A picture-free, exact reproduction of the listing that follows is required.

*** Opening of Given material ***

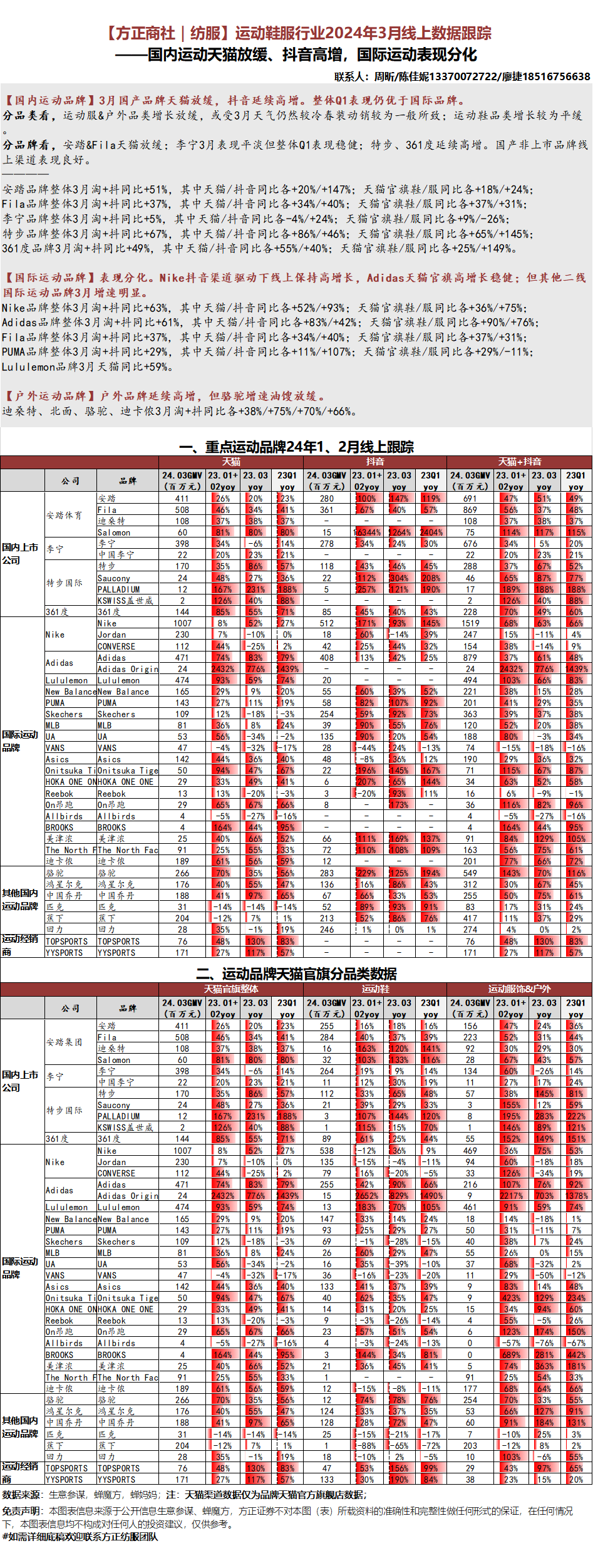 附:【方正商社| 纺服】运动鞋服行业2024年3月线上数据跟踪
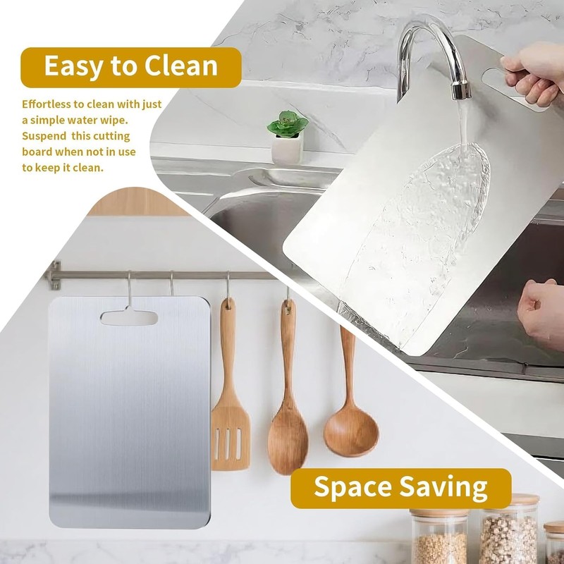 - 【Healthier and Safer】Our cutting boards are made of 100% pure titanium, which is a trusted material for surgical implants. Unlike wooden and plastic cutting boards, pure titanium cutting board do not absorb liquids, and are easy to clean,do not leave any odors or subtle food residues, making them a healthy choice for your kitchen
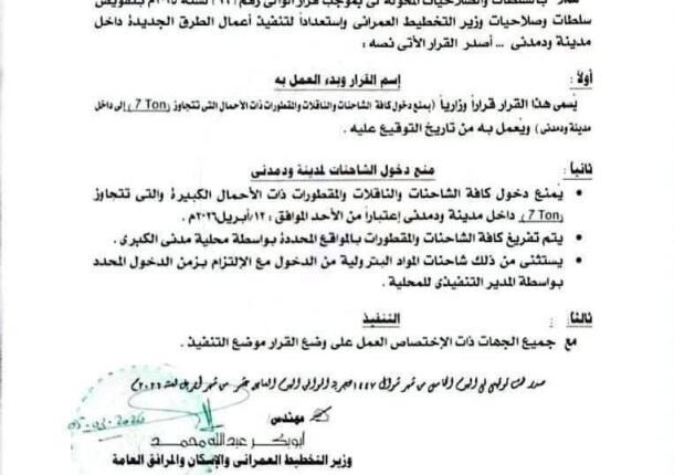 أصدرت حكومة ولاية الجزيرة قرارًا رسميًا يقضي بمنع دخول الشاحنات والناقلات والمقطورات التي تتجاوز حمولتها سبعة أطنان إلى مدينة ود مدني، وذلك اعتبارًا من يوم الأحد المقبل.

*** Close of Given material ***

§ Exercise response
 附:【方正商社| 纺服】运动鞋服行业2024年3月线上数据跟踪
 - 【Healthier and Safer】Our cutting boards are made of 100% pure titanium, which is a trusted material for surgical implants. Unlike wooden and plastic cutting boards, pure titanium cutting board do not absorb liquids, and are easy to clean,do not leave any odors or subtle food residues, making them a healthy choice for your kitchen
 أصدرت حكومة ولاية الجزيرة قرارًا رسميًا يقضي بمنع دخول الشاحنات والناقلات والمقطورات التي تتجاوز حمولتها سبعة أطنان إلى مدينة ود مدني، وذلك اعتبارًا من يوم الأحد المقبل.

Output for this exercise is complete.